We first consider the U.S.F. & G. appeal and turn to a consideration of Count I.
I. DISCOVERY OF LOSS
Empire commenced business as a newly organized bank in February 1963. In November of that year the directors hired Ben Leimgruber, a banker of considerable experience, as executive vice president to supervise banking operations. Leimgruber, during previous employment at the Union National Bank of Kansas City, had worked himself up from assistant auditor to executive vice president, third in the hierarchy of bank officers below the board chairman and president. Leimgruber had also served the United States government as an assistant national bank examiner from 1934 until 1942.

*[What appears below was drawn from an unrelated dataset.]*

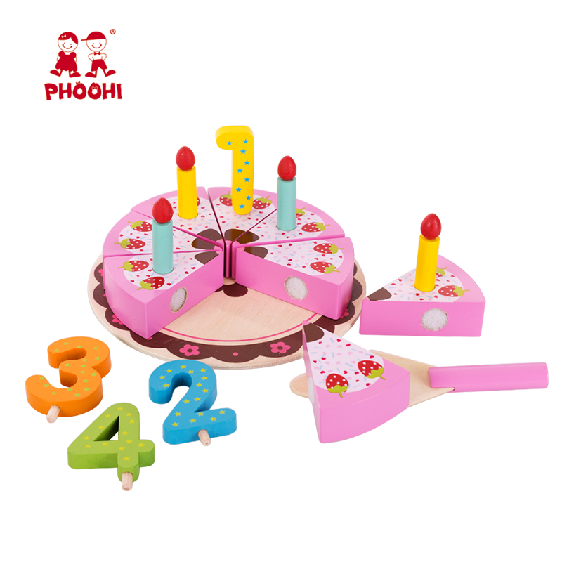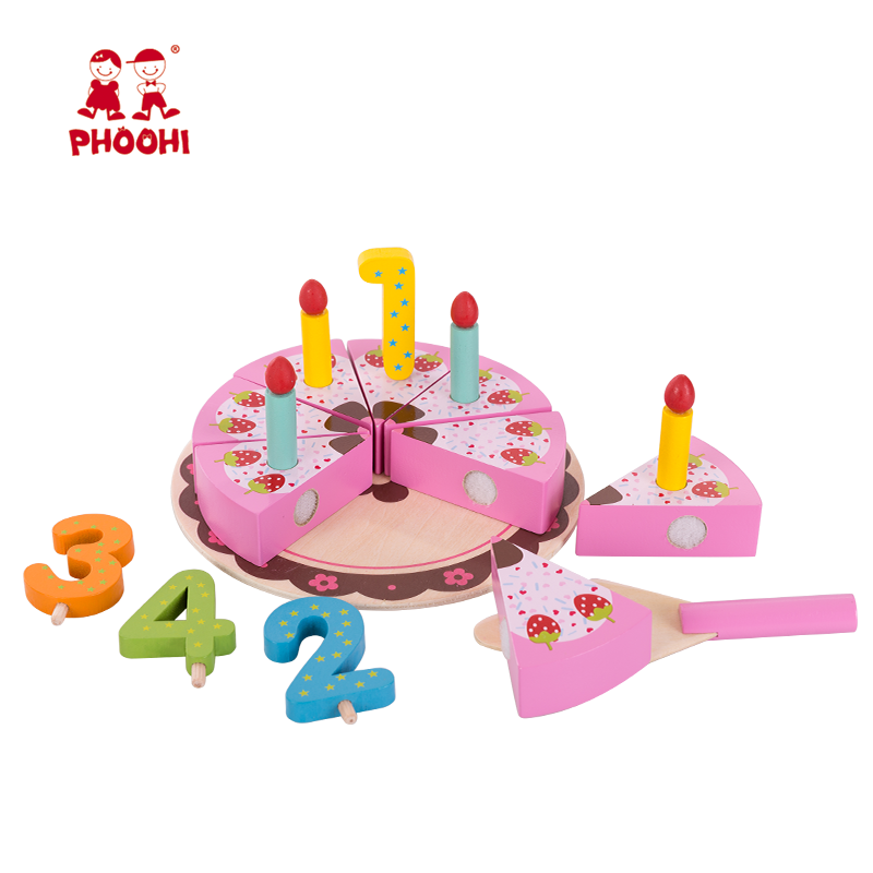 Children pretend cutting food set toy pink kids wooden play cake with candles

Leimgruber remained at Empire until March 1, 1965, when he resigned after shortages were discovered in the installment loan department. The shortages were attributed to dishonest and fraudulent acts committed by the manager of that department who worked under Leimgruber’s supervision. There has been no suggestion of complicity by Leimgruber in these defalcations.
During the period from November 14, 1964, to November 23, 1964, Briar Associates secured loans from Empire by giving a pledge of the corporation’s capital stock. The pledged stock showed a book value of approximately $36,000 representing capitalized expenditures, but the collateral actually possessed no real value as security. With the co-signature of Eddie Robbins, Empire initially loaned Briar Associates the sum of $7,500. Subsequently, the Bank made additional advances until the indebtedness of Briar Associates reached approximately $19,-000 at the end of November 1964. On December 1, 1964, the Bank made one additional loan to the corporation of $27,000, securing this loan by a pledge of stock in various publicly-held companies, in the hope of improving the Bank’s secured status on the entire account. The Bank advanced an additional $1,250 on December 23, 1964, secured by a mortgage on certain real property in Pawhuska, Oklahoma, in which, as it was later disclosed, the borrower held no title interest. The borrower made no payment on these loans.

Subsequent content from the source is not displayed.